Toelichting per (deel van een) artikel

Artikel 2, lid 1

De bedoeling is om de renteresultaten te optimaliseren. Dit betekent dat gestreefd wordt naar zo hoog mogelijke rentebaten c.q. zo laag mogelijke rentelasten binnen de kaders van het treasurybeleid

Artikel 4 lid 4

Afstemming op de financiële positie en de prognose is bedoeld om middelen te lenen c.q. uit te zetten gedurende de periode dat die echt nodig respectievelijk beschikbaar zijn.

De gemeente beperkt haar interne liquiditeitsrisico’s door haar treasury activiteiten mede te baseren op een korte termijn liquiditeitsplanning (looptijd tot één jaar), evenals een globale meerjarige liquiditeitsplanning die aansluit op het meerjaren investeringsprogramma.

Artikel 4, lid 9

Door spreiding aan te brengen in de periode dat de rente van een uitzetting vast is, wordt de invloed van een rentedaling op de renteresultaten gespreid over meerdere jaren.

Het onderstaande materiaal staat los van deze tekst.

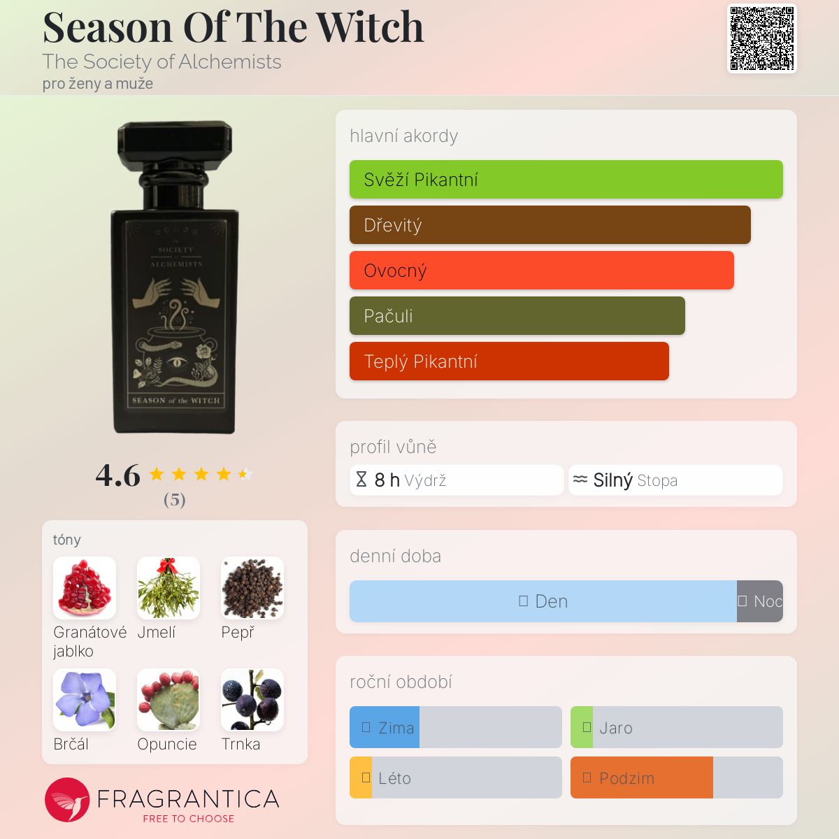 Season Of The Witch podle The Society of Alchemists je vůně pro ženy a muže. Vrchní tóny jsou Granátové jablko a Jmelí; střední tóny jsouČerný pepř a Brčál ; základní tóny jsou Opuncie, Trnka a Pačuli.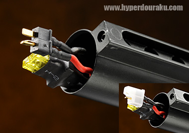 ストックチューブのフタを開けてバッテリーコネクタを引き出す。コネクタはT字形状で東京マルイのコネクタとは異なる。

Deze spreiding is slechts mogelijk als uit de liquiditeitsprognose blijkt dat middelen gedurende een langere periode beschikbaar zijn.

Artikel 4 lid 10

Vanaf 15 december 2013 is er, middels de wet Ruddo, de mogelijkheid om in het kader van het zogeheten schatkistbankieren tussen decentrale overheden (niet zijnde de eigen provinciale toezichthouder) onderling geld uit te lenen en uit te zetten.

Artikel 7, lid 2

Tussenpersonen zijn intermediair bij het afsluiten van financiële transacties.

Artikel 8, lid 1

Het beheer van geldstromen gaat vooral om het zorgen voor een efficiënt betalingsverkeer. Geldstromen kunnen bijvoorbeeld op elkaar worden afgestemd door een betalingsdatum af te stemmen op de verwachte ontvangsten. Zo wordt voorkomen dat tijdelijke middelen moeten worden aangetrokken (c.q. dat het uitzetten van middelen niet wordt verlengd) om te voorzien in de liquiditeitsbehoefte.

Artikel 8, lid 2

Het uitvoeren van het betalingsverkeer door één bank heeft efficiencyvoordelen: de kosten van het overboeken van middelen tussen de verschillende banken worden vermeden en de omgang van treasury kan beperkt blijven tot de ontwikkeling van het saldo op één bankrekening in casu die van de huisbankier.